Today’s Analysis – Monday, 7/21/25
Market Context
The NQ is positioned for a balanced opening this morning, currently trading at 23,289.00, approximately 65 points above Friday's settlement. This represents a solid recovery from Friday's profit-taking session and places price near the top of Friday's range, suggesting the potential for an out-of-balance opening with a gap to the upside. The overnight range between 23,308.50 and 23,203.75 has been well-contained, indicating measured optimism rather than euphoric buying.
Today marks the beginning of a new regime following Friday's July OPEX expiration. This transition is particularly significant because the expired options were predominantly calls—a pattern we've seen in February, March, and May this year. Notably, each of those call-heavy OPEX events was followed by market pullbacks, though historical patterns don't guarantee repetition.
The current environment presents mixed signals. While we remain in a low volatility environment, the gamma positioning has shifted to mixed following the options expiration, and dealer behavior is similarly uncertain as the new positioning establishes itself. The market continues to exhibit high headline sensitivity, particularly important given that we're operating at price levels where perfection is priced in.
Bias & Mindset
Bias: Bullish
I'm maintaining a bullish bias with medium confidence, reinforced by Friday's session behavior despite the profit-taking pressure. The critical factor is that price held above the 23,100 breakout level for the entirety of Friday's session, even during substantial position liquidation. This acceptance above the key level suggests the structural shift from Thursday's breakout remains intact.
The overnight action, which has brought us near Friday's highs, supports the notion that any weakness continues to be viewed as an opportunity rather than the beginning of a reversal. However, the post-OPEX environment requires careful attention to how the new gamma regime develops, as this could influence the character of price action in the coming sessions.
It would be surprising to see price break below 23,100 today without a significant catalyst, given the level's importance and the market's demonstrated commitment to higher fair value.
Key Levels I’m Watching Today
Upside:
Above 23,310.00 — All-time high territory where traditional level-setting becomes difficult
23,310.00 — Friday's high, correlation with overnight high around 23,308.50
Downside:
23,230.00 — Friday's VAH, break inside with acceptance would indicate fair value similar to Friday
23,203.75 — Overnight low, key support level
23,180.00-23,169.50 — Friday's VAL and session low, critical support zone that would signal potential sentiment change
Final Thoughts on Today
Today's session will be important for establishing the character of the post-OPEX environment. We're entering a period where the gamma positioning is reforming, and the market's response to any tests of support will be telling about institutional commitment to the recent breakout levels.
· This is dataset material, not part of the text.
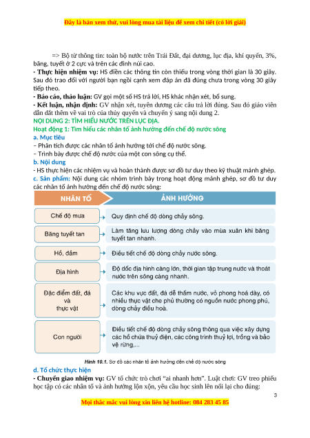 học sinh quan sát hình 10.1, hãy phân tích các nhân tố ảnh hưởng đến chế độ nước sông trong thời gian 3 phút.

The light data release schedule this week shifts focus to individual earnings results, particularly Google and Tesla on Wednesday, which will have direct impact on NQ's direction. Some positioning ahead of these results is likely.
For traders, the environment favors patience and selectivity. Long positions around the 23,100 area offer good risk/reward, while any longs at all-time highs represent more of a gambling mentality. The higher timeframe trend remains bullish, making long-bias strategies more favorable until clear signals emerge about the new gamma regime. For newer traders, staying aligned with the higher timeframe trend through long-only strategies remains the higher probability approach while we assess how the post-OPEX dynamics develop.